Туда нужно было добираться по камням, меж которыми струился один из рукавов нашей реки, а потом шлепать по воде сквозь заросли дикого риса. Зерна риса были совсем спелые и вполне годные в пищу, но мы тут же забыли про это важное открытие, и вот почему: сквозь его стебли на реке мы увидели несущийся по плесу челнок.
Ход челна был подобен режущему движению алмаза по стеклу, и вместе с челноком неслась его отчетливая копия вверх дном. Стоящая в челне во весь рост стройная фигура составляла с ним одно целое. Быстрые повороты челна напоминали нырки стрижа в воздухе — такие же внезапные, вольные, верткие. Иногда челн заслоняли заросли риса. Когда он вынырнул из них, его узкий нос пошел прямо на нас. Вела его девушка: две черных косы, переплетенных алыми лентами, свободно свисали вдоль ее тонкого тела. Одета она была в подобие кофты без рукавов и юбку с пестрым орнаментом по краю. Расчесанные надвое волосы облегали голову иссиня-черным блеском; их удерживала, охватывая смуглый лоб, оранжевая повязка, над которой колыхалось перо цапли. За ухом девушки был заткнут ярко-красный цветок.
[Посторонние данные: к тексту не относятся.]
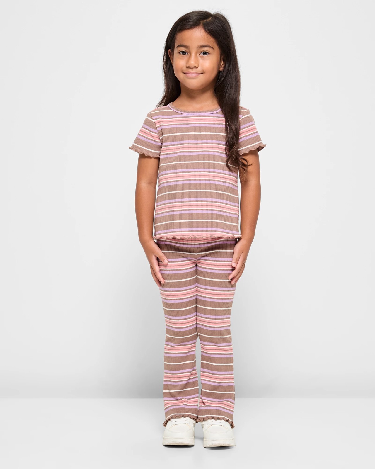 Designed for both comfort and style, this Australian Cotton Rib T-shirt and Legging Set is perfect for active little girls. Featuring a delightful all-over print, the set includes a crew neck tee with charming lettuce cuffs and hem, matched perfectly with equally adorable leggings boasting an elastic waistband and lettuce cuffs. Ideal for playdates or casual outings, this two-piece set ensures your girl feels and looks fantastic. Upgrade her wardrobe with this cute and comfortable ensemble today.

Такой мы в первый раз увидели Плывущую Навстречу, дочь свободного племени скуанто Утта-Уну, и такой она останется в моей памяти навсегда. Солнце скользило по ее гладкой, словно лакированной голове, блестящие черные глаза выражали радость движения и свободы, и вся она точно вписана была в картину леса и реки. Мы забыли, зачем нас послали, забыли все на свете, стоя в тяжелых поднятых ботфортах в воде, прикрытые стеблями риса с их серебряными качающимися метелочками, и ружья праздно отягощали наши руки. Утта-Уна, Плывущая Навстречу, летела прямо на нас. Когда до нее осталось не более трех саженей, кто-то из нас большим пальцем руки сделал заученное движение. Раздался сухой звук поднятого курка.
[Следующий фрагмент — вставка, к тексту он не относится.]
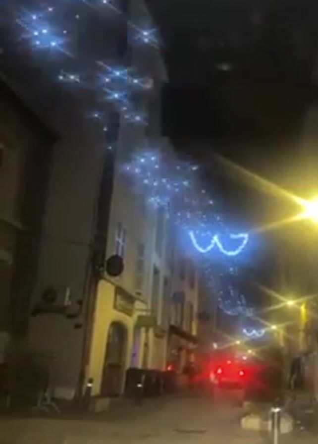 A nighttime view from inside a vehicle looking down a narrow European street decorated with holiday lights. The street is lined with buildings, some painted beige, and the lights include strings of white stars and blue garlands. A vehicle with red tail lights is visible further down the street. There are black trash receptacles near the buildings. The lighting is dim with bright spots from the street lights.

Мгновенным торможением весла Утта-Уна остановила челнок. Все остановилось: и ее руки с веслом, отведенным назад, и ее глаза, и складки одежды, и черные косы, прильнувшие к ним. Челнок повис на воде, чуть покачиваясь вместе со своим отражением; с его высоко поднятого носа на нас смотрел смело и ярко нарисованный синей и белой краской птичий глаз.
— Ты хотеть — скальп — Утта-Уна?
Не могу передать, как поразил меня ее голос, гортанный и певучий. Уже потом дошел смысл ее слов, сказанных по-английски. Мы не шевелились. Она тихонько повела веслом и подплыла ближе.
— Зачем-иенгиз-меня-стрелять?
И засмеялась. Это было подобно тому, как если бы засмеялась вода или солнечная дорожка на ней. В ее смехе не было ни малейшего значения. Он только выражал прозрачную текучесть души.
Генри, как зачарованный, пошел по воде к ней. Вода дошла ему до пояса — он этого не заметил. Утта-Уна присела в челне на корточки, оперлась на весло, воткнутое в илистое дно, а он стоял в воде возле челна и смотрел на нее, и они беседовали. А я добрел до большого камня в воде неподалеку, сел и слушал.
Мне конечно не передать особой индейской напевности ее речи. В ней слышались отголоски печали, как в замирающем голосе свирели в летний вечер, в ней было странное сходство с говором леса, кустарника, тростника. Сначала невозможно было понять, откуда дикарка знает английский язык. Она пыталась нам объяснить; чертила что-то пальцем по воде, складывала маленькие руки шалашиком, потом, утомившись, умолкла. Когда она не хотела говорить или чего-то не понимала, то тихонько, вежливо смеялась, и это было лучше всего. Оказалось, что ее чуть было не увезли какие-то английские моряки. На их корабле она и научилась.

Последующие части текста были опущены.